Welcome to this sample collection which gathers together articles from notable contributors that appear in this archive, and provides you with links to view the articles on the Gale Primary Sources platform.
For this collection, we have curated sample articles from contributors that appear in the archive, ranging from internationally renown thinkers to respected journalists, all of which contributed content that serves as a resource for research. Please remember that this guide is a curation of sample content: there is a lot more available in the full archive, far beyond the examples we have selected here. If you would like to explore the content of the archive and see the functionality of the Gale Primary Sources platform, there is a link to start a free trial at the end of this guide, along with links to find your local representative if you have any questions.
Yasmin Alibhai-Brown (1949-) is a journalist and author, known for left-leaning political stance. She contributes a weekly column to The Independent, and has also written for the Daily Mail. Her journalism has gathered several prestigious awards, and was awarded an MBE for services to British journalism in 2001, which she returned in 2003 in protest over the war in Iraq. She has often been criticised for being overly politically correct, and often her views have caused offence, both to causes and people she supports and confronts.
Rosie Boycott (1951-) is a British journalist, former newspaper editor, and feminist. Before her career in journalism, she co-founded the feminist magazine Spare Rib, before becoming co-director of Virago Press, a publisher focusing on women’s writing. In 1996 she became editor of The Independent and The Independent on Sunday, running one its most famous campaigns for the legalization of cannabis in the UK. Outside of journalism, she has regularly featured on BBC programming.
Jonathan Fenby (1942-) is a journalist, editor and author, who served as a chief correspondent for The Economist before becoming home editor of The Independent at its beginning in 1986, a post he held until 1988. Since his editorship, he has continued to contribute frequently, specialising China, which he has covered for over 20 years. He also has a longstanding coverage of Europe, having covered the region for The Economist, The Times, and Reuters, and continues to lecture, write, and broadcast.
Robert Fisk (1946-) is a journalist who has covered the Middle East for over thirty years.

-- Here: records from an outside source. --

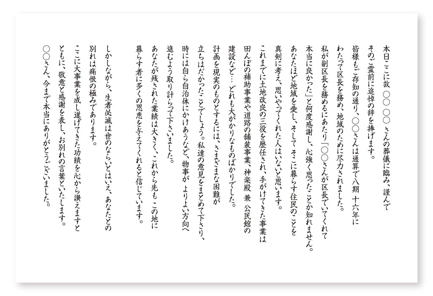 「喪主挨拶・弔辞」は葬儀の締め括りで行われますが、ご遺族は故人様を亡くし大変なストレスを抱きながら準備をなさっています。その負担を少しでも軽くし、忙しい中でも故人様を偲んでいただけたら、という想いから生まれた商品です。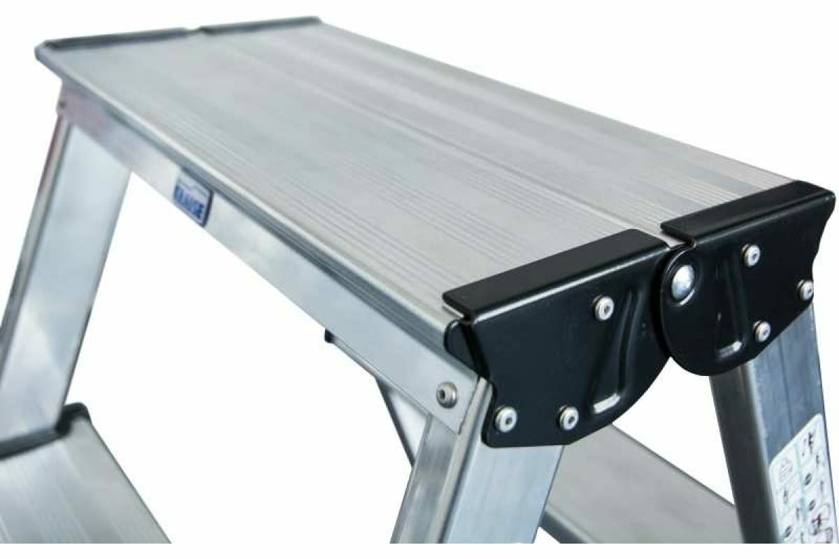 | Прочие особенности и свойства | Легкая двухсторонняя алюминиевая стремянка,пригодная для выполнения самых разнообразных работ. - Мощный, ударопрочный тип металлического шарнирного соединения - Прочное крепление ступеней к боковинам 6 заклепками придает конструкции высокую жесткость - Нескользящие, профилированные и щадящие пол наконечники опор |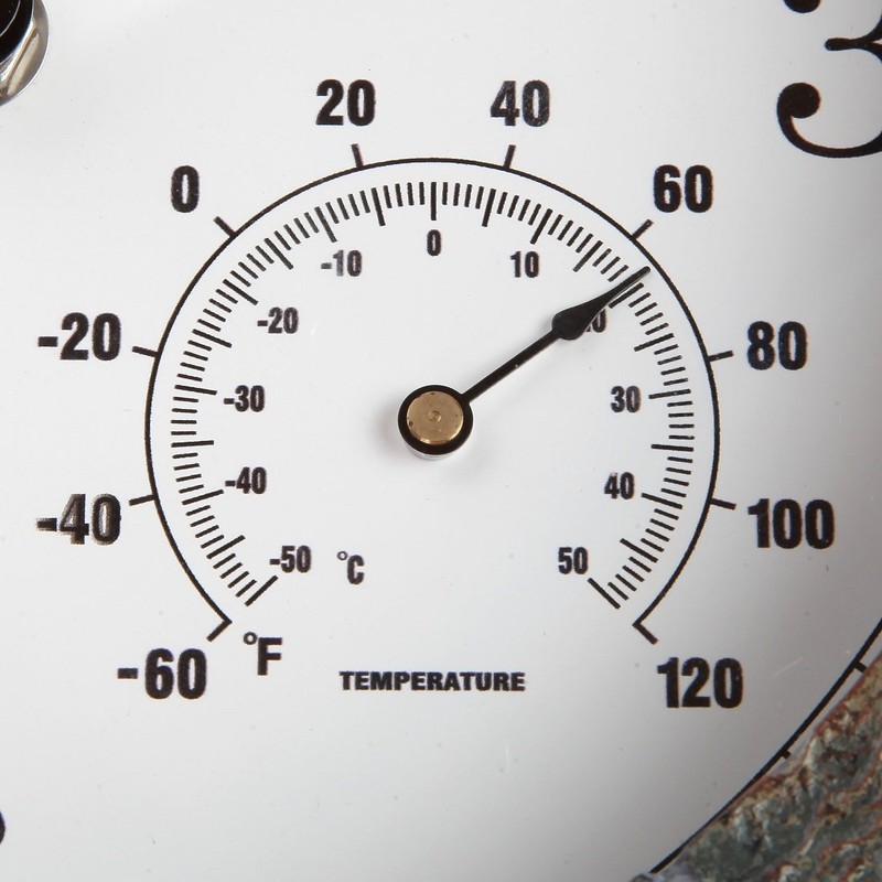 - BUILT IN THERMOMETER AND HYGROMETER: This Hanging Wall Clock has been designed with a built-in thermometer and hygrometer. The thermometer can measure temperatures from -40 to 140 degrees Fahrenheit while the hygrometer can measure humidity from 0% to 100%. This piece is great for outdoor use in the garden, backyard, or by the pool!

After joining The Times in 1972, he initially covered the troubles in Northern Ireland, before becoming Middle East correspondent in 1988. His coverage from Lebanon during this time was risky, and he has been praised for his ability to get difficult interviews with figures such as Osama bin Laden and Saddam Hussein. After a story was altered, he left to join The Independent in 1988, where he covered a range of conflicts.
Howard Jacobson (1942-) is a novelist and broadcaster. After failing to make the shortlist for the Man Booker Prize twice, he became the first author to win the prize for a comic work in 2010. Alongside fiction, he regularly writes for The Independent. The Independent have also published extracts of his novels, and he has both fronted historical documentaries and appeared on various arts and culture programmes for the BBC and other major British television channels.

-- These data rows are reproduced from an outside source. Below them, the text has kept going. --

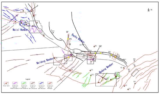 The development characteristics of thrust and strike-slip faults in the longitudinal section were described through full-layer seismic interpretation, the distribution characteristics of plane faults were described by 3D seismic coherence attribute analysis, and the fault characteristics of the Maigaiti Slope were understood in 2–3D seismic combination, and 3D vertical and horizontal. According to the research findings, two groups of strike-slip fault systems are developed in the main part of the Maigaiti Slope, which are NE and NW-trending. However, there are certain differences in fracture-formation period, fault strike, and tectonic style in different regions. Therefore, the study area can be divided into four zones: Maixi Member, Maidong Member, Madong Member, and Bachu Member (Figure 3).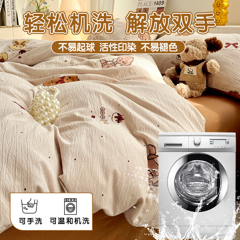 ins风水洗棉被套单件亲肤简约纯色被罩150x200非全棉纯棉冰丝床单
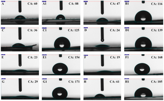 The contact angles of water on the prepared plates with different magnitude of current: (A) 0 A, (A1) modification by lauric acid on (A); (B) 1 A, (B1) modification by lauric acid on (B); (C) 2 A, (C1) modification by lauric acid on (C); (D) 3 A, (D1) modification by lauric acid on (D); (E) 4 A, (E1) modification by lauric acid on (E); (F) 5 A, (F1) modification by lauric acid on (F); (G) 6 A, (G1) modification by lauric acid on (G); (H) 7 A, (H1) modification by lauric acid on (H).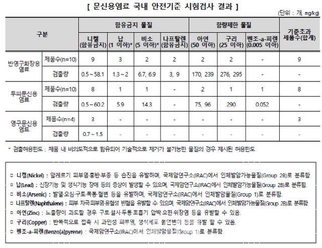 구체적으로 반영구화장용 염료 10개 중 9개 제품에서 함유 금지 물질인 니켈·납·비소·나프탈렌과 함량 제한 기준을 초과한 아연·구리가 검출됐다. 두피문신용 염료 10개 중 8개 제품에선 함유 금지 물질인 니켈·납·비소와 함량 제한 기준을 초과하는 아연·구리·벤조-a-피렌이 검출됐다. 영구문신용 염료 4개 중 3개 제품에선 함유 금지 물질인 니켈이 검출됐다.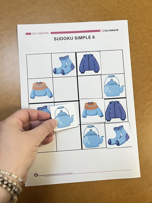 Ce jeu de sudoku simplifié est spécialement conçu pour les personnes âgées. Il propose des grilles 4x4 accessibles, illustrées de pictogrammes sur le thème de l’hiver. Idéal pour stimuler la mémoire et la logique tout en s'amusant, ce support comprend 2 niveaux de difficulté avec 6 grilles chacun. Ludique, coloré et facile à prendre en main, il favorise la concentration et l’échange. Une activité parfaite pour des ateliers de détente individuelle ou des temps calmes en petit groupe, à la fois cognitifs et récréatifs.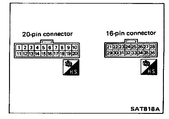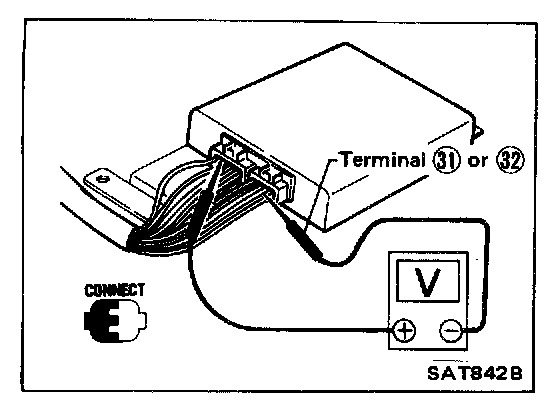 INSPECTION OF A/T CONTROL UNIT- Measure voltage between each terminal and terminal (31) or (32) by following "A/T CONTROL UNIT INSPECTION TABLE".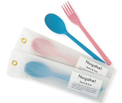 紙の原料になる植物由来の繊維「セルロースファイバー」を51%以上使用したスプーンとフォークのセット。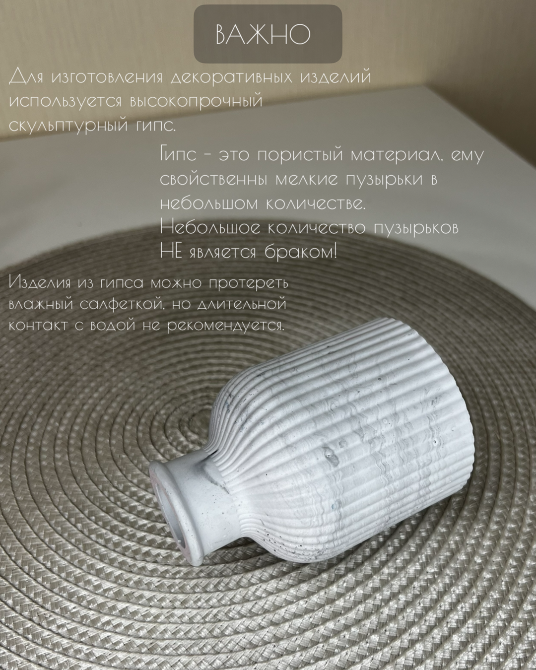 Ваза для сухоцветов из гипса, ваза декоративная, ваза "Сканди"
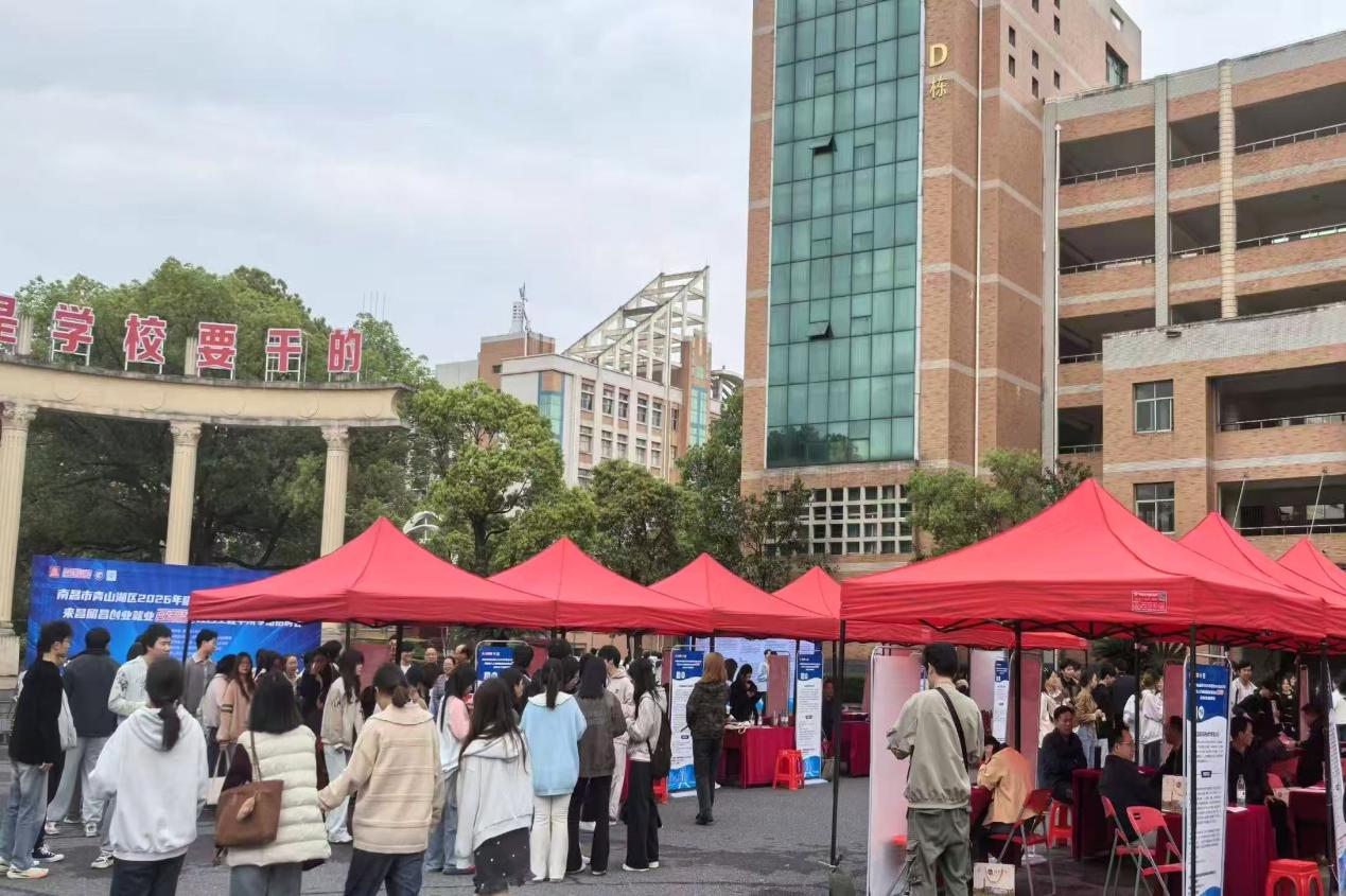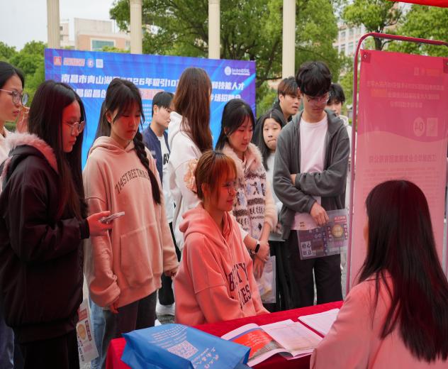 为深入贯彻人才强市战略,积极响应南昌市“每年吸引10万名大学生和技能人才来昌留昌创业就业”工作部署,4月23日下午,南昌市青山湖区2026年“百场校招”江西工程学院专场招聘会在我校天工校区读书广场顺利举行。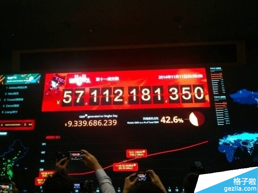 00:05 揭晓啦!阿里宣布双十一全天成交额571.12亿元,移动占42.6%。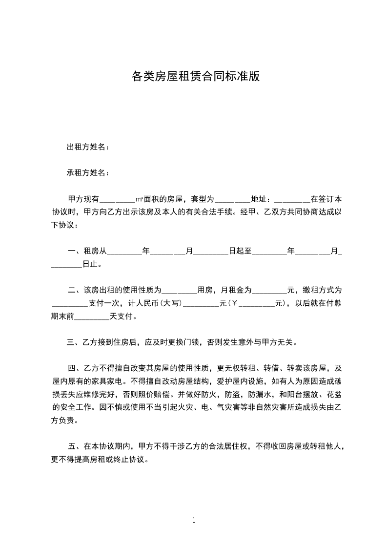 二、该房出租的使用性质为_________用房,月租金为_________元,缴租方式为_________支付一次,计人民币(大写)_________元(¥_________元),以后就在付款期末前_________天支付。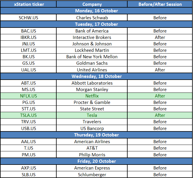 Cinco miembros del Dow Jones informarán esta semana: Johnson & Johnson (JNJ.US), Goldman Sachs (GS.US), Procter & Gamble (PG.US), Travelers (TRV.US) y American Express (AXP.US). representa alrededor del 18% del peso del índice. Además de eso, a los inversores se les ofrecerán informes de otras empresas tan conocidas como Tesla (TSLA.US) o Netflix (NFLX.US).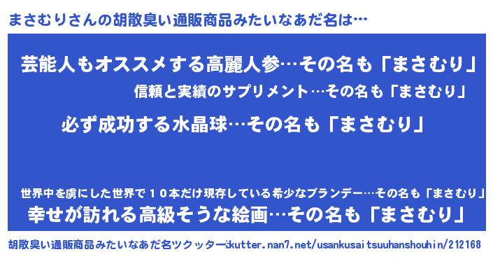 | ヘコむあだ名 | 『まさにゅー』『酢こんぶ』『まさお』 |

Hamish McRae (1943-) is associate editor of The Independent and financial journalist, and winner of the Business and Finance Journalist of the Year award from the British Press Association in 2006. He is known as an expert on emerging markets and the rise of Asian economies; and as futurist, being a thought leader on the impact of new technologies in society. Alongside his role at The Independent, he is acclaimed author and regular speaker at events, and regular appears on programming for the BBC.
William Rees-Mogg (1928-2012) was a journalist and newspaper editor, who began his journalistic career at the Financial Times in 1952 where he remained until 1960. He joined the Sunday Times, working up to deputy editor, before becoming editor of The Times in 1967. After the sale of Times Newspapers Ltd., he was replaced by Harold Evans. He contributed a comment column to The Independent from its beginning in 1986 until 1992, before returning as a columnist to The Times until his death.

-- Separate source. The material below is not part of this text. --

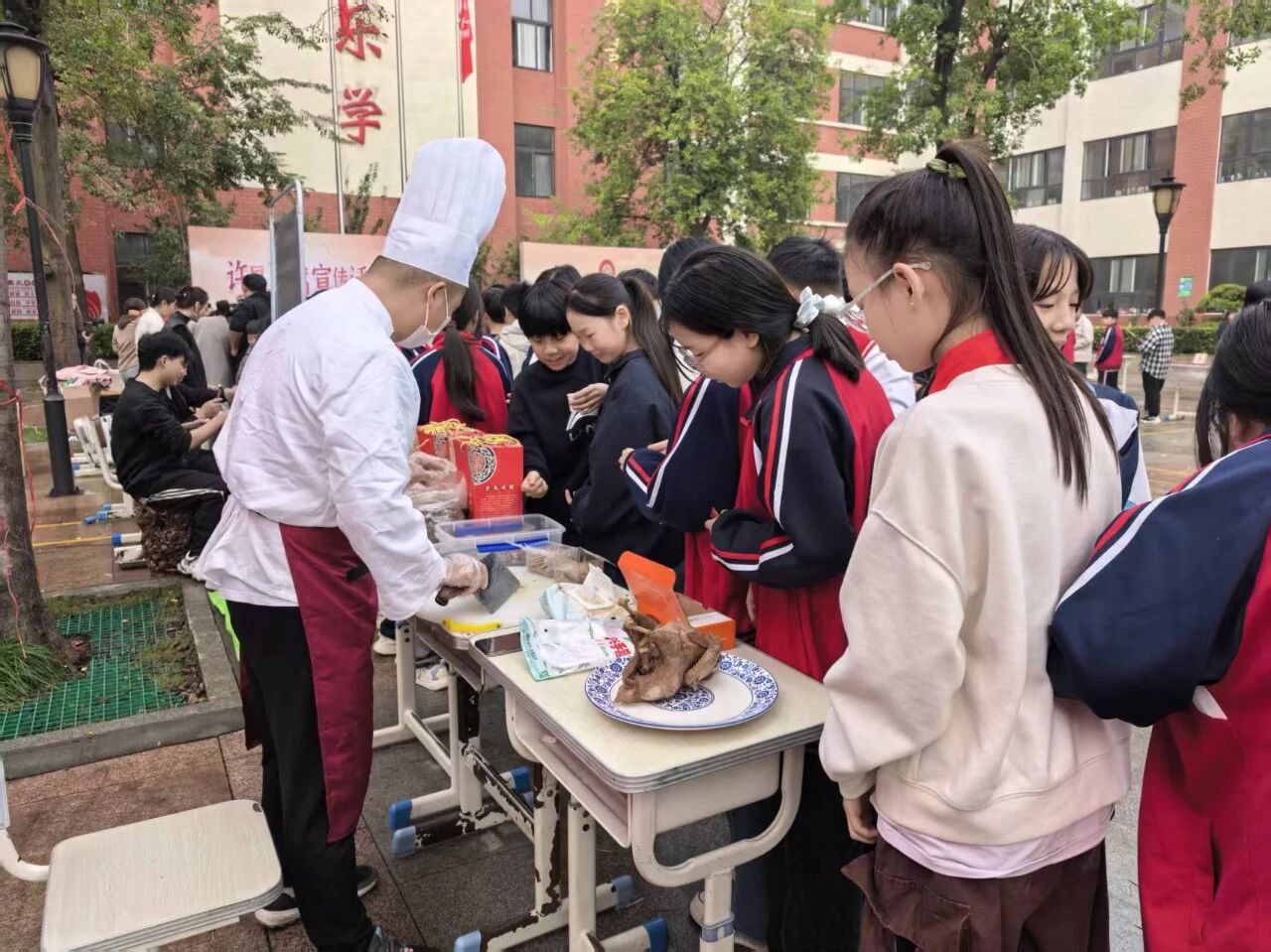 九天阿胶展位更是排起长队,省级非遗传承人赵向阳带来的阿胶样本在灯光下晶莹剔透,断面泛着琥珀光泽。“这是用寒冬‘交九天’的黑驴皮,经72道工序熬制九天九夜而成的。”他指着图文展板讲解,还让学生触摸阿胶块感受“质硬而脆”的特质,“你们看这块阿胶,落地会像冰块一样碎裂,这才是上品。”学生们纷纷惊叹:“原来奶奶吃的阿胶要经过这么多考验!”

Andreas Whittam-Smith (1937-) was one of the founders of The Independent, and the newspaper’s first editor. He is known primarily as a financial journalist, and had previously worked as editor of The Daily Telegraph. He left his role as editor of The Independent in 1993, but has continued to make regular contributions across a diverse range of subjects beyond finance and economics. Between 1998 and 2002 he also served as a president of the British Board of Film Classification.